• _Action item_
Return all of the data that follows precisely, leaving every image out.
--- Source records Enclosed Below ---
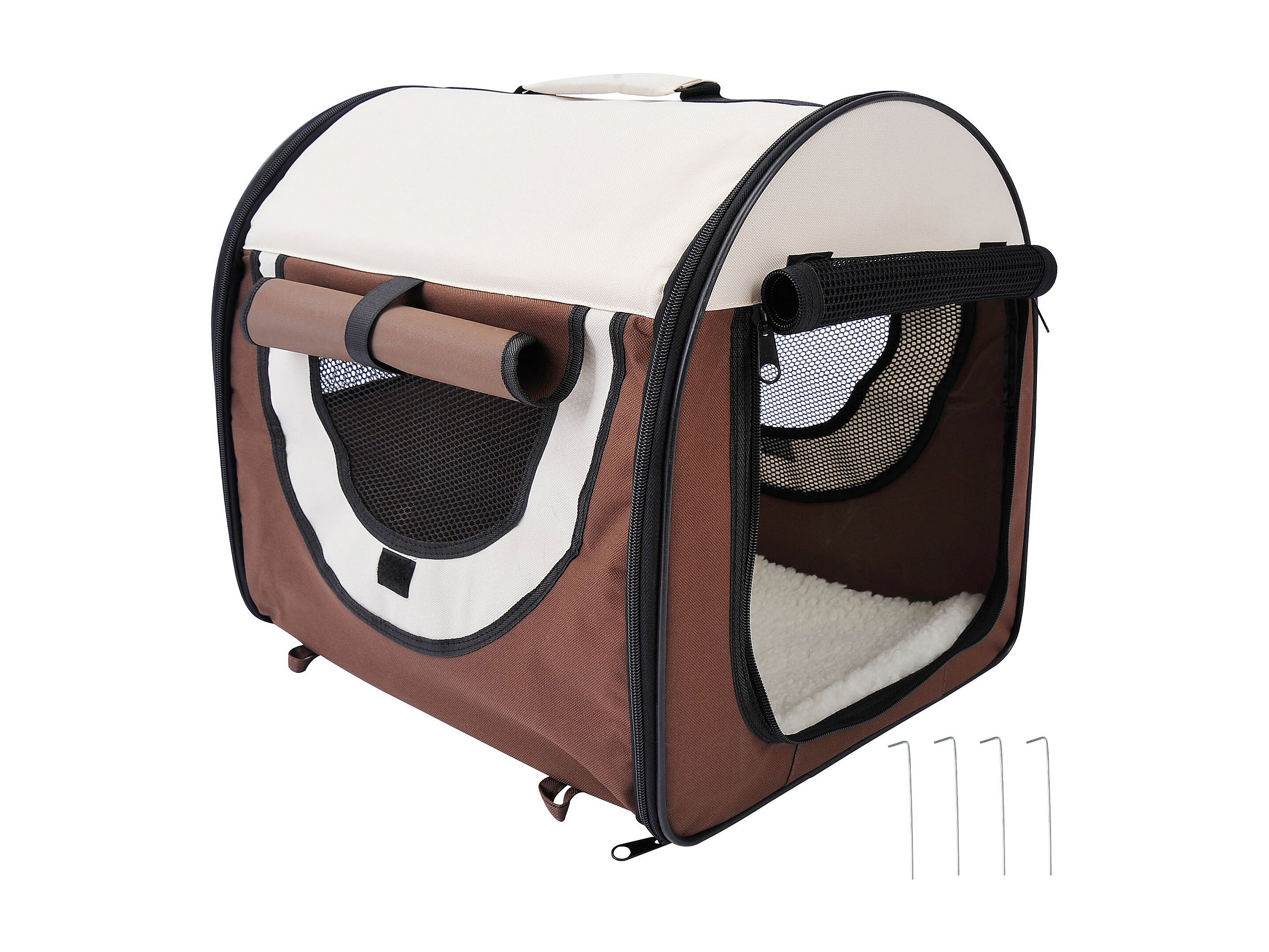 Sac de transport pour chien et chat pliable - poignée, entrée zippée, fenêtres maillées enroulables- coussin inclus - acier oxford marron beige
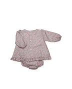 Jesusito de estampado floral en tonos maquillaje con delicada pechera blanca adornada con puntilla. Los volantes en los hombros y el bajo añaden un toque dulce. Incluye ranita a juego para una presentación impecable.
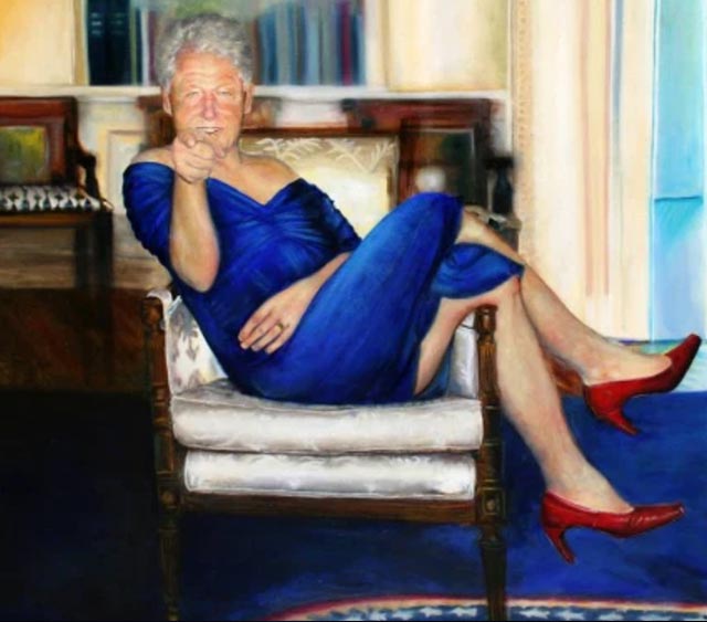 I Epsteins hem, på Manhattan, hängde en oljemålning föreställande Bill Clinton, klädd i blå klänning och röda högklackade skor. Målningen gjordes av australiensiska Petrina Ryan-Kleid när hon studerade konst på New York Academy of Art.
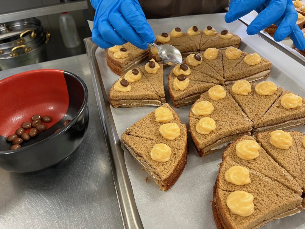 カットしたコーヒースペシャルの上にカスタードクリームとコーヒーチョコを載せています。
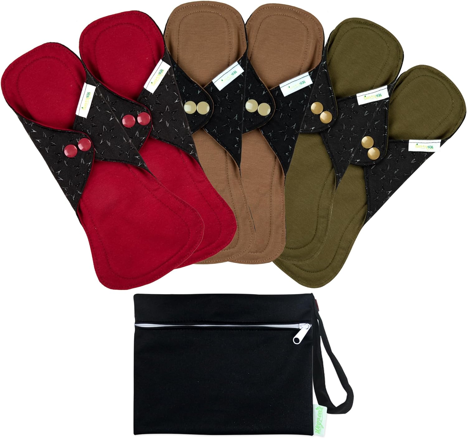 wegreeco 6 Pc Reusable Menstrual Pads, Ultra Absorbent Cloth Pads for Light/Heavy Flow, Sanitary for Teens, Women, Nonslip Panty Liners + Bag (Aqua, Burgundy, Coffee, XL)
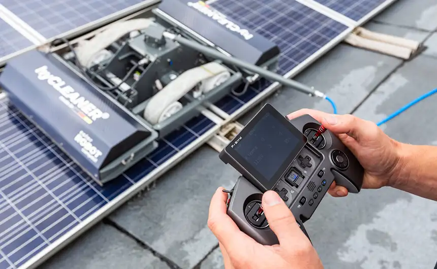 Reinigungsroboter arbeiten automatisiert und eignen sich besonders für große, zusammenhängende Flächen wie Gewerbedächer oder Freiflächenanlagen.
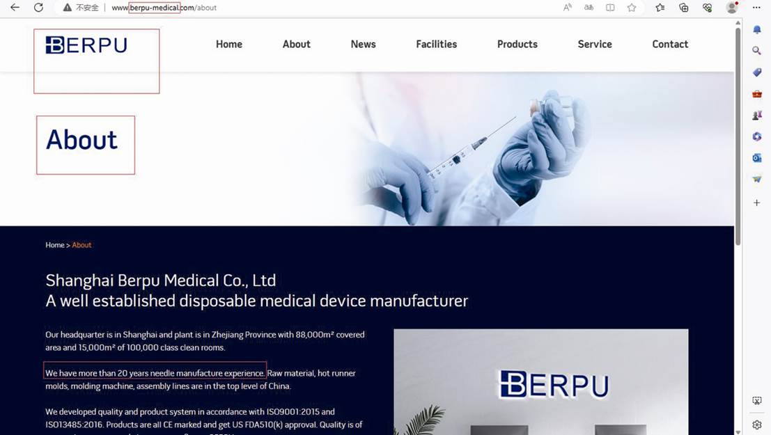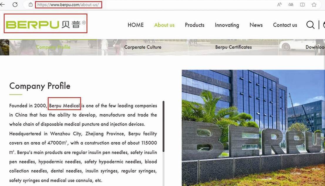 打開上海貝樸進出口的公司官網http://www.berpu-medical.com,可以發現,該企業英文名稱中的Berpu Medical極易讓人將該企業和貝普醫療英文名混為一體,其網頁更介紹(見圖三):Our headquarter is in Shanghai and plant is in Zhejiang Province with 88,000m2 covered area and 15,000m2 of 100,000 class clean rooms.We have more than 20 years needle manufacture experience.
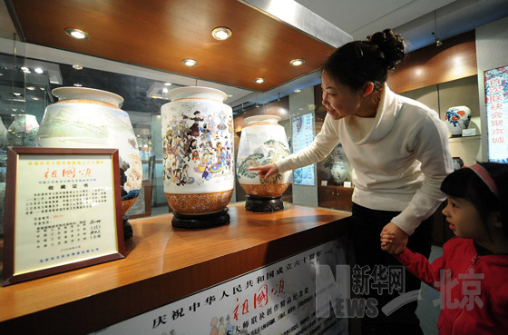 11月28日,觀眾在北京王府井陶瓷城參觀由四位中國(guó)工藝美術(shù)大師創(chuàng)作的紀(jì)念瓷《祖國(guó)頌》。 《瓷都傳人——2009當(dāng)代景德鎮(zhèn)陶瓷藝術(shù)作品展》11月28日在京展出。近千件現(xiàn)代陶瓷藝術(shù)精品匯集北京王府井陶瓷城,由中國(guó)工藝美術(shù)大師秦錫麟、王錫良、戴榮華、王恩懷為慶祝新中國(guó)成立60周年,聯(lián)袂設(shè)計(jì)、創(chuàng)作的紀(jì)念瓷《祖國(guó)頌》在本次展覽中展出,引起首都收藏界和陶瓷文化界人士的矚目。
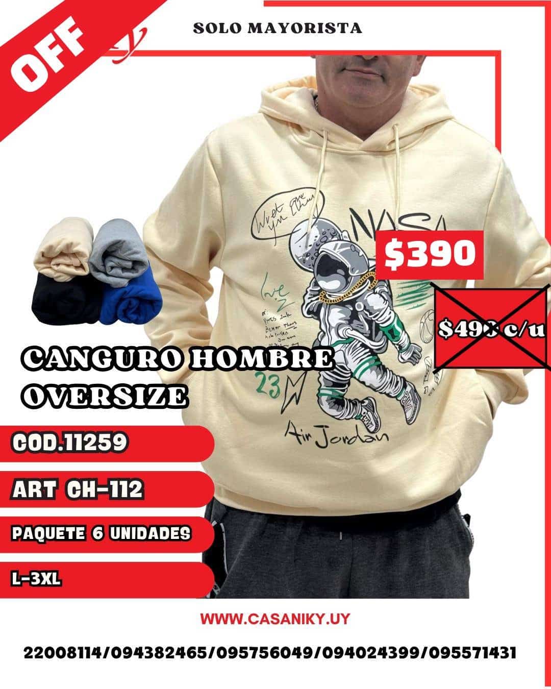 Cod.:11259 Art.: 112 Talle: L al 3XL Paquete 6 unidades surtidas en talles y colores Precio por unidad
--- End of Enclosed Source records ---
• _Response_
 Sac de transport pour chien et chat pliable - poignée, entrée zippée, fenêtres maillées enroulables- coussin inclus - acier oxford marron beige
 Jesusito de estampado floral en tonos maquillaje con delicada pechera blanca adornada con puntilla. Los volantes en los hombros y el bajo añaden un toque dulce. Incluye ranita a juego para una presentación impecable.
 I Epsteins hem, på Manhattan, hängde en oljemålning föreställande Bill Clinton, klädd i blå klänning och röda högklackade skor. Målningen gjordes av australiensiska Petrina Ryan-Kleid när hon studerade konst på New York Academy of Art.
 カットしたコーヒースペシャルの上にカスタードクリームとコーヒーチョコを載せています。
 wegreeco 6 Pc Reusable Menstrual Pads, Ultra Absorbent Cloth Pads for Light/Heavy Flow, Sanitary for Teens, Women, Nonslip Panty Liners + Bag (Aqua, Burgundy, Coffee, XL)
 Reinigungsroboter arbeiten automatisiert und eignen sich besonders für große, zusammenhängende Flächen wie Gewerbedächer oder Freiflächenanlagen.
 打開上海貝樸進出口的公司官網http://www.berpu-medical.com,可以發現,該企業英文名稱中的Berpu Medical極易讓人將該企業和貝普醫療英文名混為一體,其網頁更介紹(見圖三):Our headquarter is in Shanghai and plant is in Zhejiang Province with 88,000m2 covered area and 15,000m2 of 100,000 class clean rooms.We have more than 20 years needle manufacture experience.
 11月28日,觀眾在北京王府井陶瓷城參觀由四位中國(guó)工藝美術(shù)大師創(chuàng)作的紀(jì)念瓷《祖國(guó)頌》。 《瓷都傳人——2009當(dāng)代景德鎮(zhèn)陶瓷藝術(shù)作品展》11月28日在京展出。近千件現(xiàn)代陶瓷藝術(shù)精品匯集北京王府井陶瓷城,由中國(guó)工藝美術(shù)大師秦錫麟、王錫良、戴榮華、王恩懷為慶祝新中國(guó)成立60周年,聯(lián)袂設(shè)計(jì)、創(chuàng)作的紀(jì)念瓷《祖國(guó)頌》在本次展覽中展出,引起首都收藏界和陶瓷文化界人士的矚目。
 Cod.:11259 Art.: 112 Talle: L al 3XL Paquete 6 unidades surtidas en talles y colores Precio por unidad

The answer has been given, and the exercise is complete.